The Magic of Naturally Leavened Dough
When it comes to artisanal baking, crafting a true sourdough bread is a rite of passage. In French baking circles, this style is often referred to as focaccia au levain, a beautiful hybrid of Italian tradition and wild yeast fermentation. If you are searching for the ultimate sourdough recette, this is the perfect starting point because the high hydration does all the heavy lifting for you.
Achieving what many consider focaccia the perfect loaf isn’t about intense kneading or complicated shaping techniques. Instead, it relies on time and a few gentle stretch-and-folds to build gluten. The long overnight fermentation allows the wild yeast to slowly work its magic, creating a web of gluten that traps gases and results in those highly sought-after, cavernous bubbles.
Health Benefits and Quality Ingredients
Choosing to bake with a wild yeast culture rather than commercial yeast offers more than just a superior flavor profile. The slow fermentation process helps break down phytates in the flour, unlocking the Health benefits of sourdough bread by making the nutrients more bioavailable and the bread generally easier to digest. Furthermore, the natural fermentation process supports the Role of prebiotics in gut health, feeding the good bacteria in your digestive system.
Another star component of this recipe is the generous pour of quality fat. Focaccia is inherently rich in oil, which gives it that signature fried-bread texture on the bottom. By using a high-quality extra virgin olive oil, you are infusing the dough with incredible flavor while also taking advantage of the Heart-healthy benefits of extra virgin olive oil.

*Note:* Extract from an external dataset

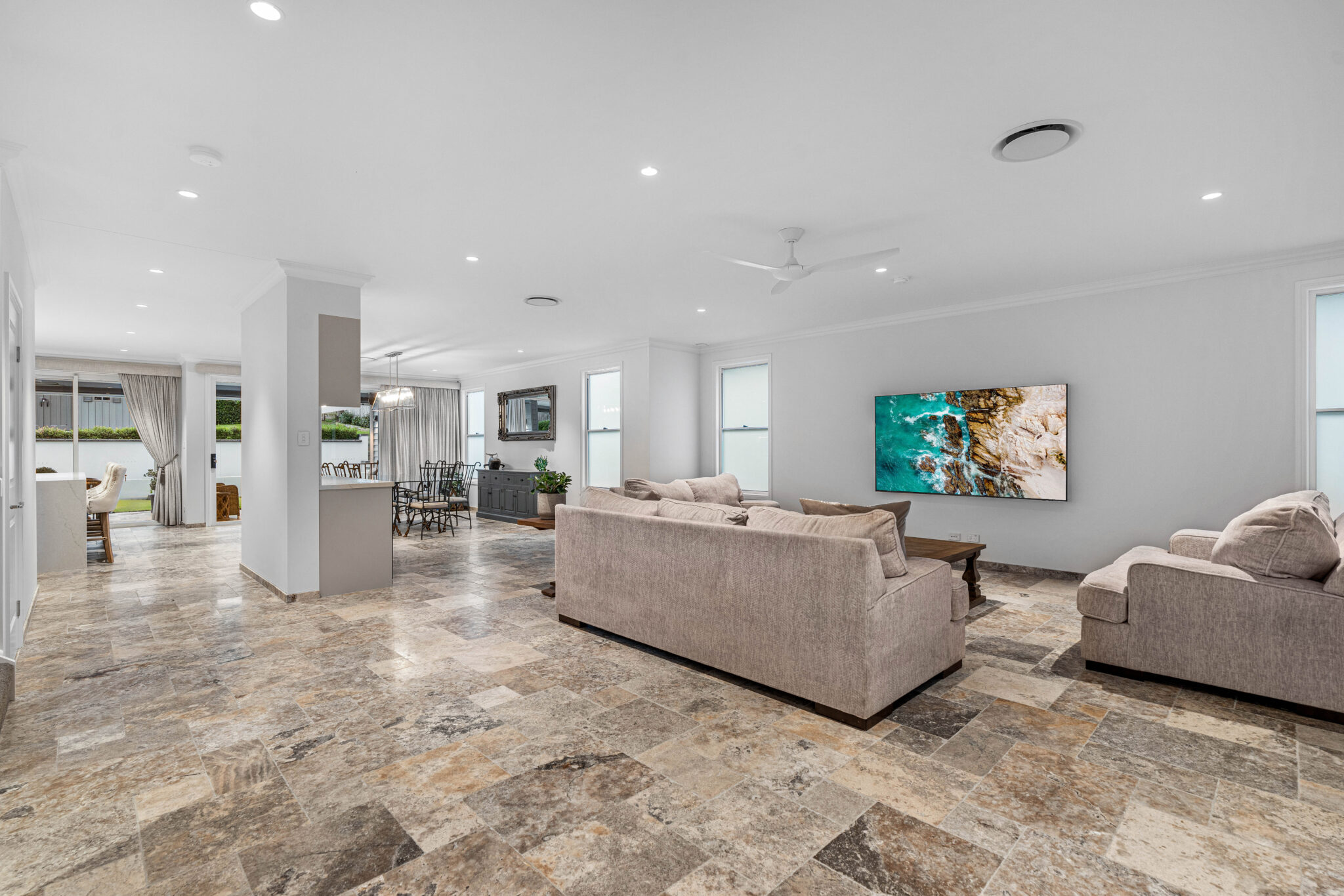 The commanding interiors unveil a dramatic sense of space with ceilings reaching 3.8 metres upon entry and 2.7m on the lower level. Creating richness and texture across the alluring architecture, a beautiful blend of lush thick carpets to all four bedrooms, while the lower level including the 4th bathroom, kitchen and living area have French pattern travertine natural stone flooring from turkey which follows through to the outdoors giving to true sense of connectivity.

If you happen to have any leftovers that go stale—though it rarely lasts that long—you can cube the bread and repurpose it. Leftover focaccia makes incredible croutons, or it can be used as a savory base for a hearty sourdough french toast casserole.
Understanding the Baker’s Math
Getting the right focaccia ratio is key to a successful bake. This specific recipe focaccia dough sits at around 80% hydration, meaning the weight of the water is 80% of the weight of the flour. This high water content is exactly what creates the light, jiggly dough necessary for those iconic dimples.

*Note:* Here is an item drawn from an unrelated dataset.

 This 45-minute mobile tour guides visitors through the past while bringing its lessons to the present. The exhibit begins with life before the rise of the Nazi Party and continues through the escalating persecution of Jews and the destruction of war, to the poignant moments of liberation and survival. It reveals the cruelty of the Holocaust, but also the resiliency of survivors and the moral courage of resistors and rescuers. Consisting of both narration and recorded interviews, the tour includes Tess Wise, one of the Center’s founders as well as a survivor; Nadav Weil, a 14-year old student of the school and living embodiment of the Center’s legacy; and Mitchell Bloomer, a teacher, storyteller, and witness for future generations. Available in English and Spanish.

While this guide focuses on a classic savory preparation with sea salt and rosemary, the dough is incredibly versatile. You can even adapt the base to create sweet variations. For example, some inventive bakers top their dimpled dough with butter, cinnamon, and sugar to create a unique focaccia cinnamon roll hybrid that is perfect for a decadent weekend brunch.
Ingredients
To make this sourdough focaccia recipe, gather the following ingredients:

- 100g active sourdough starter
- 400g filtered water
- 15g honey
- 500g bread flour (or all-purpose flour)

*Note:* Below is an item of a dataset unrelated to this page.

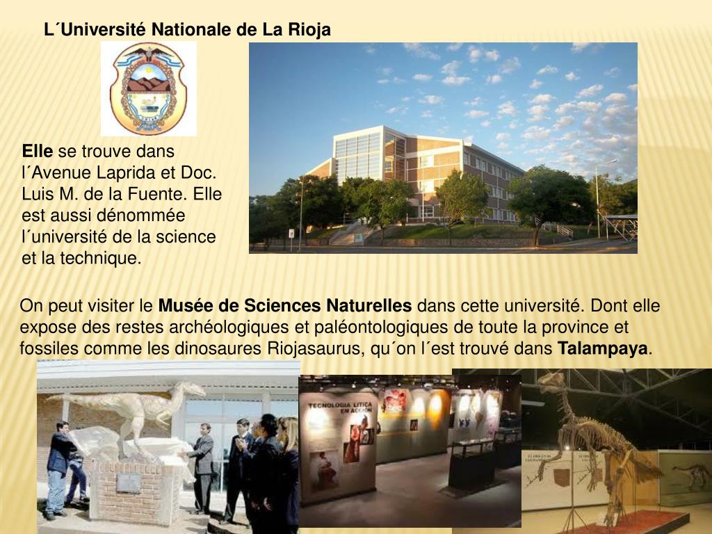 L´UniversitéNationaledeLaRioja Ellese trouve dans l´Avenue Laprida et Doc. Luis M. de la Fuente. Elle est aussi dénommée l´université de la science et la technique. On peut visiter le MuséedeSciencesNaturelles dans cette université. Dont elle expose des restes archéologiques et paléontologiques de toute la province et fossiles comme les dinosaures Riojasaurus, qu´on l´est trouvé dans Talampaya.

- 10g flaky sea salt (like Maldon)
- 50g extra virgin olive oil (plus more for pan and dimpling)
- Optional toppings: fresh rosemary, olives, sun-dried tomatoes, or cheese
Instructions
Follow these steps carefully to achieve the perfect bake:

- Feed your sourdough starter and wait until it is active, bubbly, and passes the float test.
- In a large mixing bowl, whisk together the active sourdough starter, filtered water, and honey until dissolved.
- Add the bread flour and salt, mixing until a wet, sticky, and shaggy dough forms.
- Cover the bowl and perform a series of 3 to 4 stretch and folds every 30 minutes to build gluten structure and pass the windowpane test.
- Cover the bowl tightly and let the dough undergo a long, slow bulk fermentation overnight at room temperature until it has doubled in size and is full of bubbles.
- Generously coat a 9×13-inch baking pan with extra virgin olive oil.
- Transfer the dough into the pan, gently stretching it toward the edges, and let it proof for its second rise for 2 to 4 hours until very puffy and jiggly.
- Coat your hands in olive oil and press your fingers deep into the dough to create signature dimples all over the surface.
- Drizzle with additional olive oil, sprinkle generously with flaky sea salt, and add any desired toppings like rosemary or olives.
- Bake in a preheated oven until the crust is oil-crisped and deeply golden brown, then transfer to a wire rack to cool completely before slicing.
Frequently Asked Questions
How do I adjust my sourdough focaccia baking schedule for a cold kitchen versus a warm summer kitchen?
Temperature acts as an invisible ingredient in sourdough baking. In a warm summer kitchen, your bulk fermentation might only take 4 to 6 hours. Conversely, in a cold winter kitchen, the dough may need 10 to 14 hours overnight to double in size. Always watch the dough, looking for a jiggly texture and visible bubbles, rather than strictly watching the clock.
Can I use sourdough discard instead of active starter to make this focaccia without adding commercial yeast?
Making a true sourdough discard focaccia usually requires a pinch of commercial yeast for lift, as the wild yeast in discard is mostly dormant. If you want to avoid commercial yeast entirely, you must use an active, fed starter. If you attempt it with discard, be prepared for a significantly longer fermentation time, and the rise may be much denser.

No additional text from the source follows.